捨て猫-14
「おまえには、何もわからないんだよ。どうせ、温々と何の悩みも無く生きてきたん
だろう。羨ましいこったよ、まったく」
「わからないわよ、そんな贅沢者の悩みなんかね。むしろ、わかりたくもないわ。で
もね、温々生きてきたつもりはない。
不幸の自慢をするわけじゃないけど、今のあんたより私はずっと、苦しい思いをした
わ」
「だったら、どうしてわからないんだよ。俺のこの苦しさが」
「じゃあ、聞くけどあんたは、わかってもらってどうして欲しいわけ?よしよしと頭
を撫でてもらってほしいの?それとも、親身に聞いてもらって適切なアドバイスでも
してもらいたいの?だとしたら、私はどれもしてあげられない」
たしかに、わかってもらってどうするのだろう。話したって、苦しみが軽くならない
ことを俺は知っていたのに。
だったらどうして?
答えはすぐに出た。
聞きたかったんだ。
この社会に属すること無い『捨て猫』に。
彼女の価値観で、教えて欲しかった。
この罪が取るに足らない物なのか、償いきれないほど大きな物なのか。
「そうだね。じゃあ教えてくれないか?俺のした事、ユキはどう思うかを」
「だから言ったでしょ。贅沢だって。
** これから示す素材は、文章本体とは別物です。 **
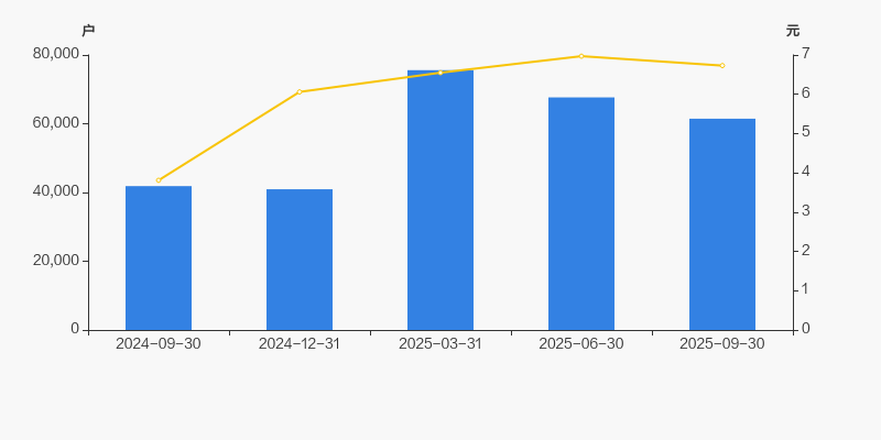 2024年9月30日至今,公司股东户数显著增长,区间涨幅为46.84%。2024年9月30日至2025年9月30日区间股价上涨76.64%。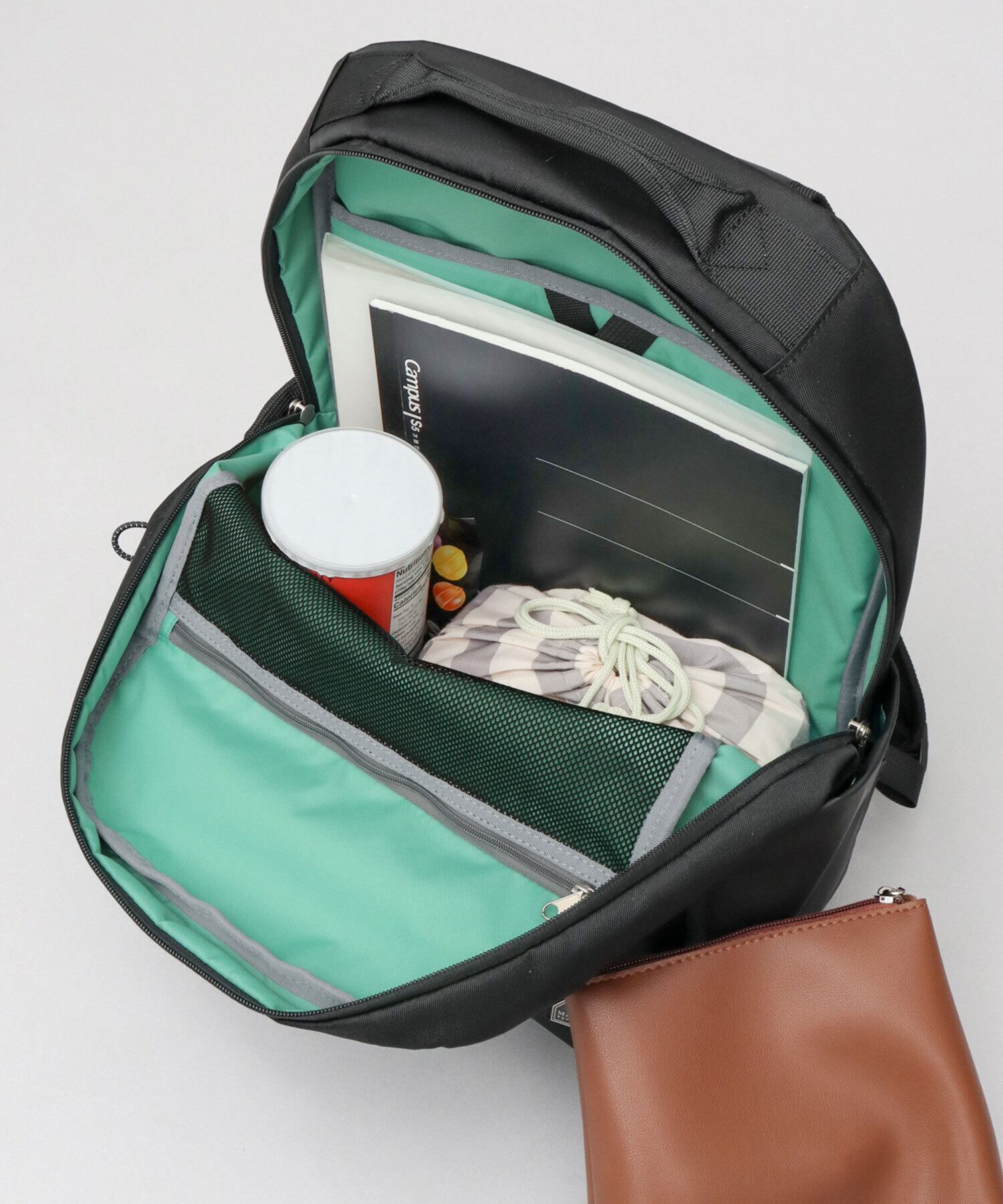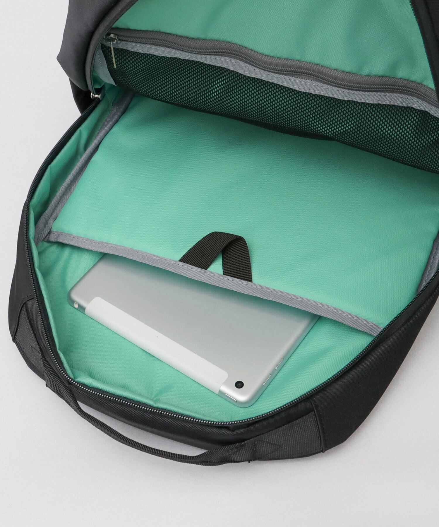 メイン収納スペースは、A4サイズが楽に収まる使い勝手の良いサイズ感。マチ幅をしっかりとった、広々スペース。内側には、ノートPCやタブレットの収納に最適なクッションポケットに加え、視認性の良いファスナー付きメッシュポケットを完備。

私はね」
そこでユキは耳を折り曲げながら躊躇うように、一呼吸置いた。
猫のような、というか半分猫の彼女のことだ。
やっぱり警戒心も高い。
特に、自分の過去のようなプライベートの事ととなれば、人間だって少しは躊躇う。
「私は、自由に憧れてた。いや、憧れというより、切望ね。つい最近まで、私の世界
は、白い実験室だけだったから。寝ても覚めても白一色の世界っていうのは、気が狂
いそうになるわ。想像できるかしら?何もない、たまに来るとしても実験所の職員く
らいの世界が。時間を潰そうにも、あんたの家に当たり前にあるテレビやパソコンも
何もないのよ?
あり過ぎた時間って言うのは、どんな拷問よりも辛い物よ。苦しみとか、怒りとか、
全部通り越してあまりの不自由さに死にたくなった時もあった。それでも、外の世界
で色々な物に出会う事を夢想して何とか耐えたの。
そんな私にとっては、あんたはとっても羨ましいわ。たしかに、罪悪感は、あなたを
苦しめるかもしれない。
でもね、あんたは選択次第で、いくらでも自由に生きられるのよ。あんたには、一生
わからないかもしれないけれど、それってとってもとっても素晴らしいことなんだか
ら」
なるほど、と思わずにはいられない。
そんな不自由な生活をさせられたユキの口から出るからこその、重みもある。
たしかに、彼女と比べられては俺も贅沢野郎だ。
でも、だからと言って、俺の犯した罪はなくなるわけじゃない。
「この悩みも贅沢だってのはわかったけれど。俺のやった事は、どうすればいい?償
うも償う相手はもういない。法に裁いてもらおうにも、法にかかるような罪でもな
い。忘れろとでも?」
「償えない罪ならば、背負っていくしかないじゃない。一生懸命生きていくうちに、
そのお荷物は軽くなってくわよ」
それで、いいのか。
そんな簡単な事だったのか。
疑問はいくらだって残る。
それに、苦しいことは変わらない。
でも、光明は見えた。
何をすれば良いのか。
それがたとえ、ユキの価値観から見たとても主観的な物であっても、道は見えたの
だ。
一生懸命、精一杯生きること。それがトシへの供養。